Он был один. Ветер задул свечу. Он снова зажег ее. Взял со стола бумагу, сложил листы тетрадкой. На первой странице он написал:

«Нынче ночью я видел престранный сон, не знаю, как объяснить…»

Перо брызгалось, скрипело, он отшвырнул его, схватил другое. Он думал, что рассказ о том, что с ним произошло, займет много страниц, но вышла всего одна: он не находил слов. Он отложил перо уже почти спокойно. Встал и походил немного по комнате. Сна ни в одном глазу не было. Ему захотелось работать. Он пошел в спальню, ключом открыл сундучок, пошарил в нем, снизу, из-под хлама, достал другие листы бумаги — то были неоконченные наброски к одной вещи… Он сам не знал, что это могла бы быть за вещь; он начал писать ее, когда заканчивал собирать из кусочков «Путешествие Онегина». По инерции он писал ее тем же размером; но он не думал о том, будет ли она как-то привязана к «Онегину» или же нет. Да и не все ли равно? Вещь эта все равно никогда б не увидела света. Он писал там о людях, которых знал (и многих из них — любил), и о том, что они сделали (а вернее — не сделали) в тот день на Сенатской площади, и о том, что после сделали с ними.

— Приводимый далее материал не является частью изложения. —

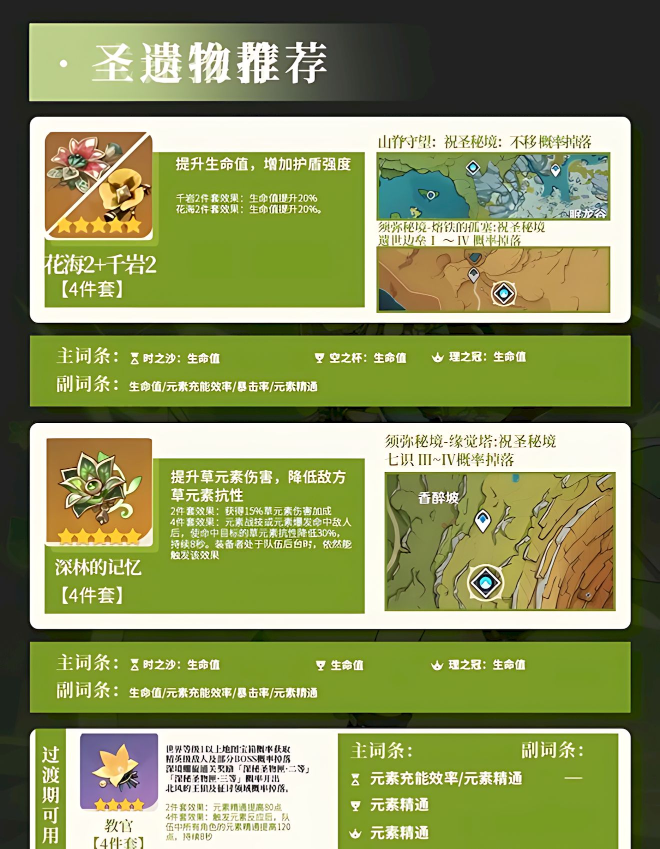 2、圣遗物推荐千岩2加花海2或深林4,过渡用教官4,主词条统一选择生命沙,生命杯,生命头。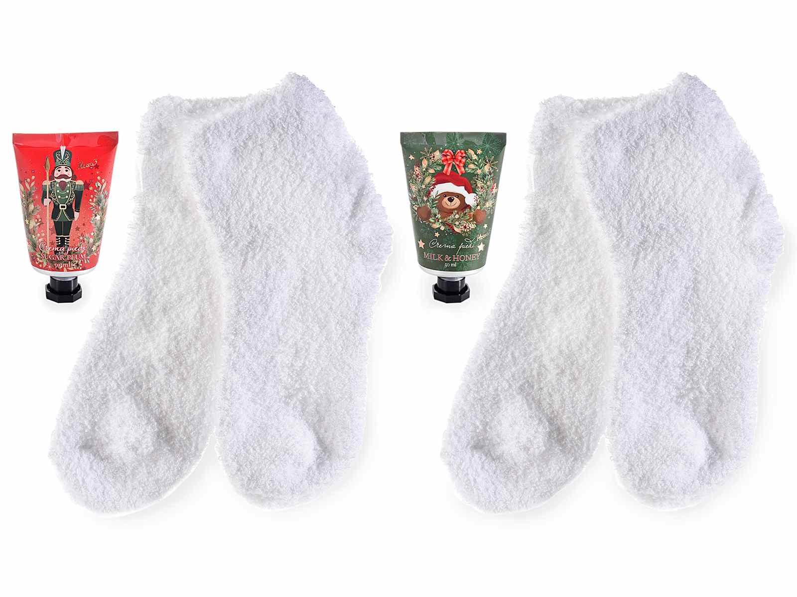 Crema para pies y calcetines navideños en una caja de regalo de 50 ml con diseño de Cascanueces y Osito de Peluche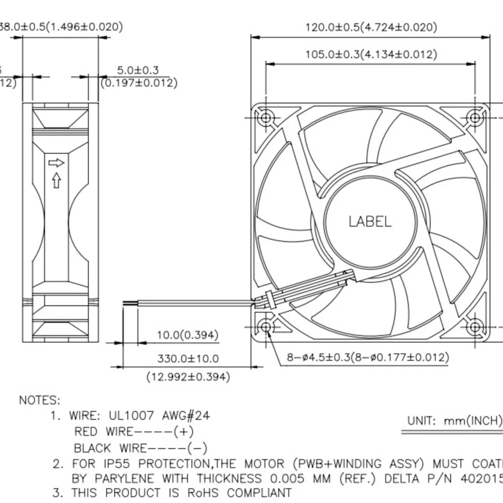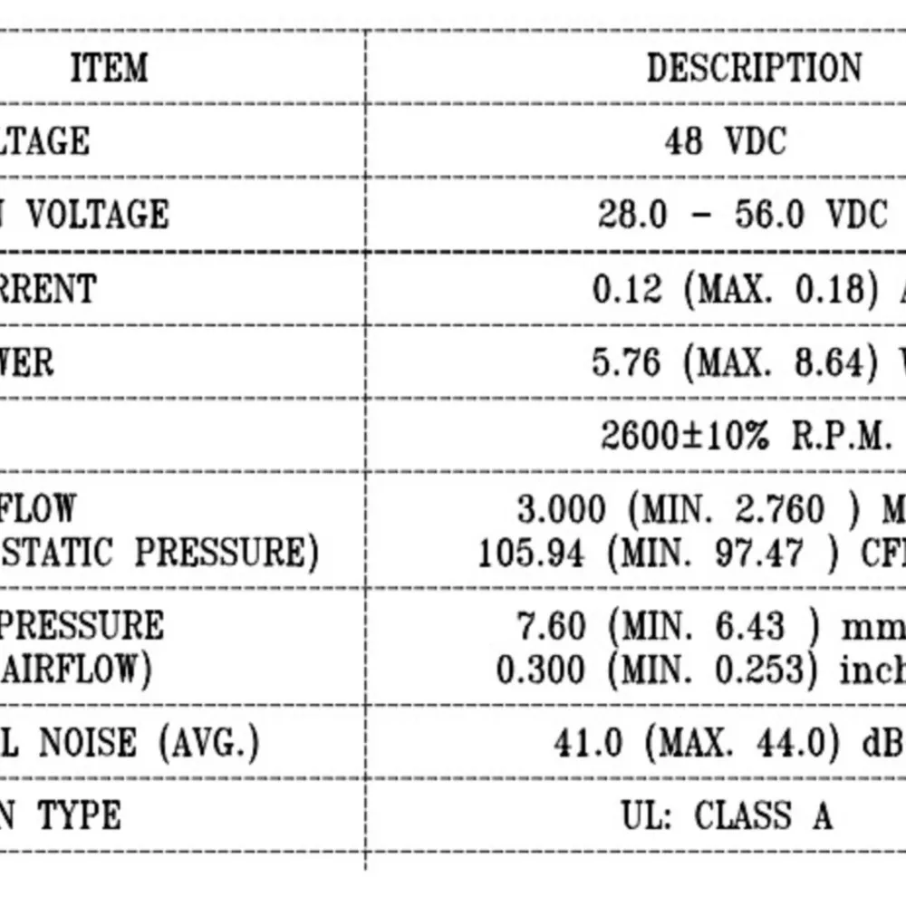 Marca del ventilador: Delta, Taiwán Modelo: AFB1248HE-ROO Tamaño: 120 * 120 * 38 mm Rodamiento: rodamiento de bolas doble Voltaje: 48 V Corriente: 0,18 A Volumen de aire: 120,07 cm Potencia: 8,64 W Velocidad: 2600 rpm Vida útil: 100000 horas Interfaz: placa principal Interfaz de 3 pines Función adicional; alarma de señal Roo

Когда он писал эту вещь, она ему нравилась. Теперь, после всего, что видел он в зеркале, она больше не нравилась ему. Он видел слишком много, слишком далеко. Он видел: на запад пятиглавый Бешту синеет; на север поднимается Машук, как мохнатая персидская шапка… Видел: июльский душный вечер, собирается гроза, привязанные лошади нервно переступают ногами, отмахиваются от мух… Двое стоят друг против друга и медлят стрелять; наконец выстрел… и тут же хлынул дождь… Мертвое молодое лицо: черные глаза, брови заломлены… Лицо было незнакомое — и в то же время как будто бы знакомое. Закрывают убитому глаза, укутывают тело шинелью. Дождь все пуще. Как получилось, что он все знал про этого мертвого юношу? Он никогда не видел, не встречал его. Все это было так странно.

Он видел: худощавый человек в расстегнутой рубахе стоит у стены, руки его за спиною связаны, лицо надменное, глаза полузакрыты; дула шести ружей глядят на него. Один из тех, что держат ружья, опускает свое ружье, подходит к человеку у стены, усмехаясь, раскуривает папиросу, вставляет в губы тому, тот два или три раза затягивается, потом слева направо медленно качает головой, и человек с ружьем возвращается на свое место. Другой машет рукою, и облачко дыма на мгновение окутывает всех; когда оно рассеивается, человек у стены лежит недвижно.

Он не знает этого человека; но этот человек почему-то знает его, знает даже про маленькие барабаны. Он слышит:

Далеко, далеко, на озере Чад
Изысканный бродит жираф…

И тут же видит: смятая постель, одутловатое, желтое, когда-то прекрасное лицо на подушке; умирающий кашляет, пытается повернуться на бок… пальцы царапают, комкают простыню. На лице умирающего помимо физической муки — холодное отвращение.

Как тяжко мертвецу среди людей
Живым и страстным притворяться…

И дальше видит он: дешевая роскошь гостиничного номера… В большом зеркале отражается кровать; на кровати сидит обрюзгший, но еще очень красивый человек с серыми глазами… Потом человек встает…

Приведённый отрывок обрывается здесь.